— И еще. Одно из главных чувств, которого начисто лишены ученики как в США, так и у нас — это чувство исторической преемственности. Я говорю не о родовых знаках племени, которые сплачивают волчат в стаю по цвету глаз или произношению буквы «р», а о гражданах вселенной, точнее о вселенской гражданственности, которая дается только классическим образованием и вовлечением в поток мировой истории. Не затвержение пустых дат, а слияние с эллинской и римской культурой — вот путь наших учеников, которых мы готовим к возрождению моря российского в его старых берегах.
— А чем знаменита элинско-римская любовь? — полюбопытствовал Володечка.
— Высший Эрот в Риме, как и в Элладе — любовь между мужчинами, понял, обормот?
Володечка озадаченно кивнул, он никогда не подозревал, что даже в сексе Стефан Иванович следует столь высоким образцам.
— Вот что, дружок, — попросил директор, когда отзвучала последняя фраза, — сгоняй-ка ты в аудиторскую для старших классов и попроси педеля подняться ко мне с Луцием. Или сам его позови.
— Попка болит, — пожаловался секретарь. — Не пойду вниз, ко мне ученики пристают.
— А ты их кинжальчиком, — посоветовал директор, — где твой кинжальчик?
Секретарь нашарил под шкафом громадный нож в черных ножнах, перекинул перевязь через шею и исчез за дверью.
— Не вспори кого-нибудь в самом деле, болван! — успел ему рявкнуть вслед директор.
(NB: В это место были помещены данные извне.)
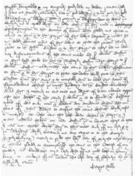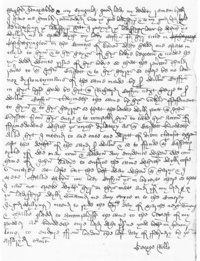 | Keywords: GeorgeRolle LetterToLadyLisle 28Feb1539.jpg en Letter dated 28 February 1539 from George Rolle d 1552 of Stevenstone Devon to Honor Plantagenet Viscountess Lisle <blockquote> Right honourable and my singular good lady my duty remembered I have me humbly recommended unto your good ladyship and to my good Lord Lyle advertising your ladyship that I received your ladyship's letter by which ye willed me to speak with my Lady Coffyn for her title in East Haggynton in the county of Devon who had one estate in tail to him and to his heirs of her body begotten; and now he is dead without issue of his body so that the reversion should revert to Mr John Basset and to his heirs so there be no let nor discontinuance of the same made by Sir William Coffyn in his life Howbeit Mr Richard Coffyn next heir to Sir William Coffyn claimeth the same by his uncle's feoffment to him and to his heirs so that the law will put Mr John Basset from his entry and to compel him to take his action of form down which is much dilatory as Mr Basset knoweth albeit I intend to sue unto one writ of diem clausit extremum after the death of the said Sir William and so to find Mr Basset's title if we may come and attain any evidence when we come home of John Davy to enforce the same which will cost v marks at least But the best way when Mr Harys and I meet shall be taken My Lady Coffyn is in Leicestershire so that I could not speak with her in this matter And if my lord or your ladyship will command me any service into the country I God willing intend to ride the viii th day of March next coming and shall be glad to accomplish the same to the utterest of my power as knoweth our Lord who preserve you both in honour long to endure Ffrom London the last day of Ffebruary by your assuryd servant George Rolle </blockquote> Byrne Muriel St Clare ed The Lisle Letters 6 vols University of Chicago Press Chicago London 1981 vol 5 p 764 George Rolle d 1552 of Stevenstone Devon 1539-02-28 PD-old-100 Secretary hand |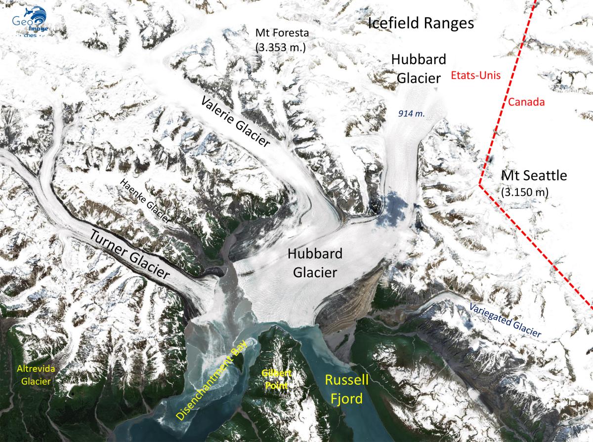 Les Icefield Ranges, dominées par les Monts Seattle (3.150 m.) et Foresta (3.353 m), sont bien visibles, tout comme les puissants glaciers (Turner, Valerie) qui est descendent. A l’ouest, le « petit » Variegated Glacier, de 20 km de long, est sans doute l’un des glaciers les plus étudiés au monde. C’est en effet par excellence le modèle du surge-glacier, certains surges s’y traduisant par des avancées de plus de 6 km comme en témoigne la structure bouleversée de sa langue terminale.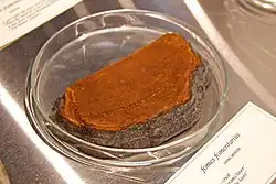 - ↑ De haut en bas de l'image : briquet historique en acier (copie), silex, amadou, minerais de fer (pyrite, marcassite).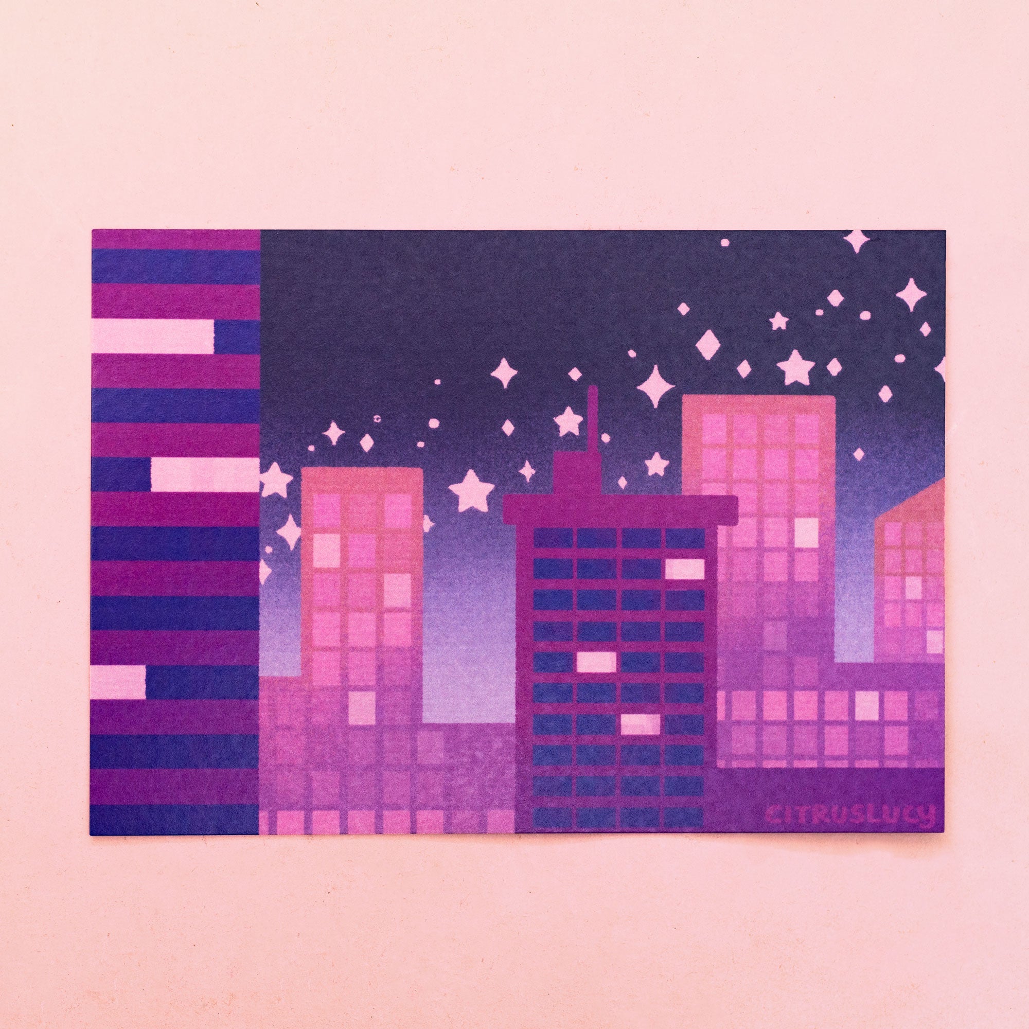 This postcard evokes the ace flag through a starry nighttime cityscape.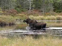 Moose were successfully introduced on Newfoundland in 1878 and 1904,[122] where they are now the dominant ungulate. However, they are not native to Newfoundland, and their negative impacts on flora and fauna, including endemic species, is well documented.[123][124] They have been somewhat less successfully on Anticosti Island in the Gulf of Saint Lawrence.
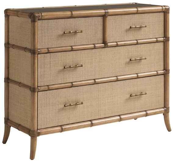 The Dolphin Cay hall chest has a leather-wrapped bamboo frame, clad in woven raffia on the top and sides, with a protective glass insert in the top. The design features four soft-close drawers with woven raffia front panels.Read More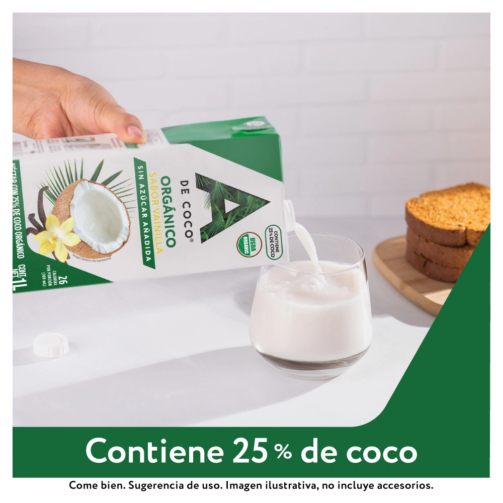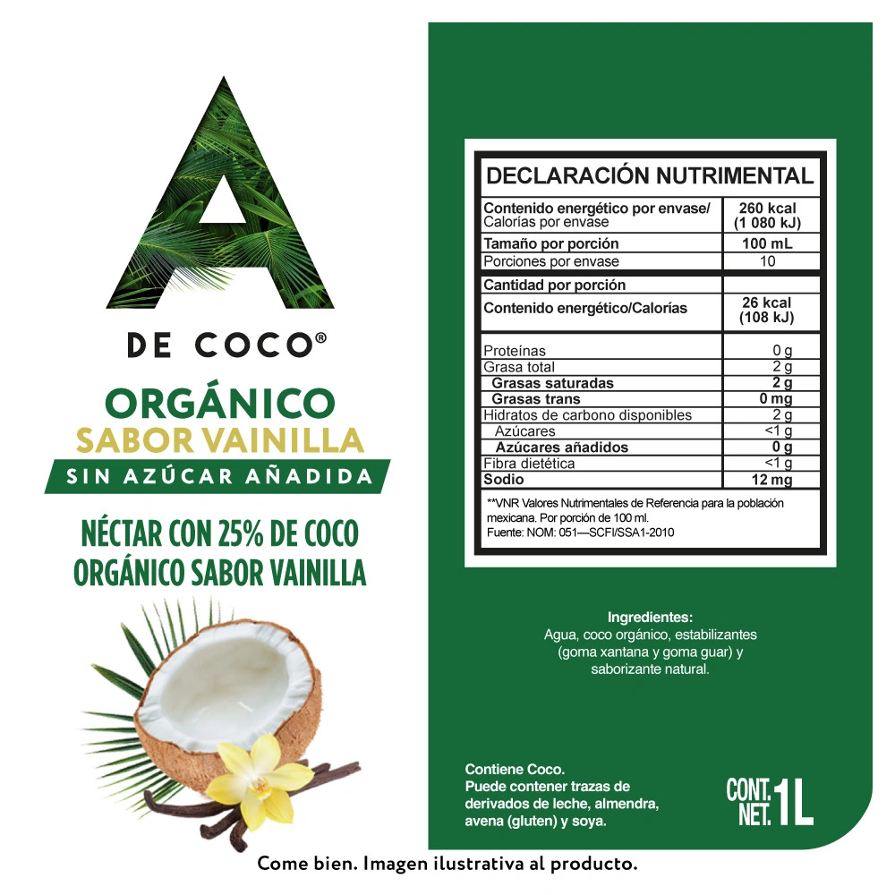Néctar de coco Orgánico sabor vainilla, sin gluten y sin lactosa.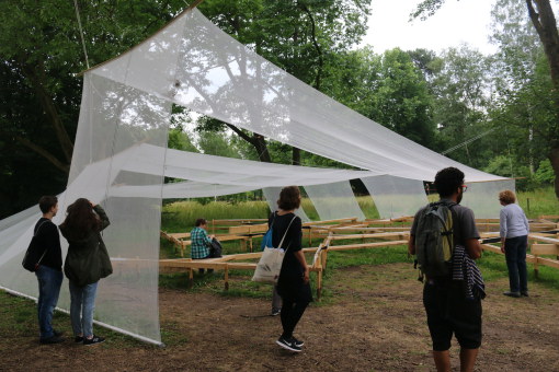 Die Ciudad Abierta (Offene Stadt) ist Kommune, pädagogisches Experiment und praxisnahes Architekturlabor in einem. Sie wurde von einer Gruppe umherziehender Künstler_innen und Dichter_innen auf einem verlassenen, windumtosten Landstrich aus Gras und Sand am Rande des Pazifischen Ozeans gegründet, etwa dreißig Kilometer nördlich der chilenischen Hafenstadt Valparaiso...Das wachsende Interesse der letzten Jahre am einfachen, ländlich-idyllischen Utopismus der Offenen Stadt galt vor allem den historischen Leistungen des Kollektivs – dem Vermächtnis der Ciudad Abierta... Das Kollektiv als lebender Organismus und Experimentierplattform für zukünftige Generationen von Architekt_innen, Dichter_innen und Stadtplaner_innen wiederum präsentiert sich in Kassel und demonstriert eindrucksvoll die wiederkehrende Relevanz seiner improvisierten, umweltverträglichen Form des Bauens.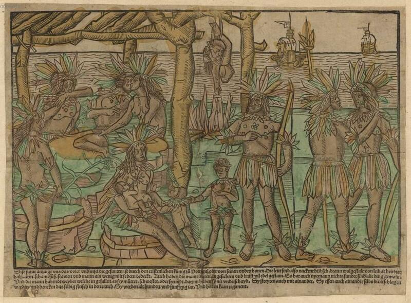 Dise figur anzaigt uns das volck und insel die gefunden ist durch den cristenlichen künig zu Portigal oder von seinen underthonen..., koloriertes Flugblatt (Text: Vespucci), ca. 1503.
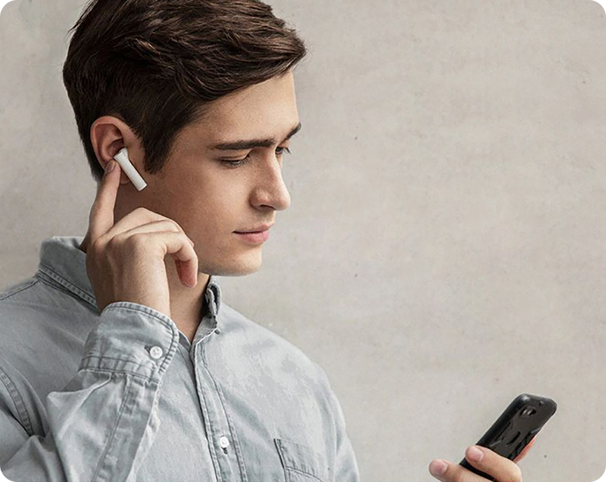 Xiaomi Mi Air 2 True Wireless Earphones оснащені інфрачервоним датчиком, який стежить за положенням навушників і ставить відтворення на паузу, якщо ви витягаєте навушник з вуха.

Натянув кое-как штаны, Стефан Иванович присел к письменному столу и стал проверять изложения по знаменитой обвинительной речи Цицерона на процессе Каталины.
Раздался деликатный стук и на пороге появился выцветший педель Менелай и ученик предпоследнего класса Луций. Из-за их спин выглядывала довольная мордочка секретаря.
— Оставь нас! — рявкнул директор изумленному педелю и, когда дверь за ним захлопнулась, показал воспитаннику на стул:
— Садись, двоешник! В кабинете воцарилась тишина. Директор читал изложения, а Луций косил взглядом на многочисленные портреты римских императоров и полководцев, всех как на подбор прямоносых, в белых венках и тогах.
«Где бы такое полотно раздобыть? — размышлял Луций, не спуская глаз с белоснежных одеяний императора Августа. — У нас в спальне ни одной целой простыни не найдешь. Я понимаю одна дырка для головы, но когда их десять мелких, как горох…»
Тут директор отложил в сторону стопку изложений и довольно грозным взглядом воззрился на ученика.
— Покоя от тебя нет, — проворчал он, бросая через стол легкую фотографическую карточку. — Физиономистику вам Куц читает, ну-ка не посрами учителя. Что ты скажешь об этом субъекте?
Луций подхватил карточку двумя руками. Лицо товарища юных лет смотрело на него сквозь фотографический блеск и глянец.
— Так это, — сорвалось с его припухлых губ, но тотчас в мозгу клацнул челюстями сторожевик, и Луций невозмутимо продолжил: — Так это… не наш. В лицее таких нет, господин директор.
— Знаю, что нет, — директор добродушно выругался и вдруг пододвинулся к Луцию вплотную. — Давай сюда свою глупую башку, — пропел он, оплетая голову студиуса сложными резиновыми петлями и предъявляя для опознания сотню фотографий неизвестных лиц. После чего нажал на предательскую кнопку и стал смотреть на экран.
Десятки физиономий отражались в мозгу Луция, а бесстрастный самописец фиксировал всплеск эмоций. Линия эмоционального отклика шла плоско, пока на экране не возникла фотография, которую Луций только что мял в руке. Тут же образовался пик величиной с Гималаи.
— Кому ты баки заливаешь? — спросил директор, презрительно глядя на Луция. — Я вас, подлецов, насквозь вижу. Сейчас же снимай штаны, подвергну тебя наказанию.
— Господин Стефан, я такими вещами не занимаюсь, — строго отчеканил Луций, но директор и сам понял, что хватанул лишка.
«Да и силы мои не те», — разумно подумал директор и отодвинулся от строптивца, сам внутренне довольный.
— Ты что, до сих пор не початый? — спросил он удивленно потому, что не в обычаях школы было ломаться перед высоким начальством. — Или просто недисциплинированный?
Луций тоскливо молчал, свесив набок длинноволосую голову и подперев ее рукой.
— Ну ладно, — сказал директор, — отзываются о тебе неплохо, так что я тебя за проявленную дерзость не накажу. Пока не накажу. Но если ты, едва увидев эту злокозненную рожу, не бросишься опрометью ко мне, даю тебе честное римское слово, что отдам национальным гвардейцам, а ты слышал, небось, какие у них большие и ненасытные пики.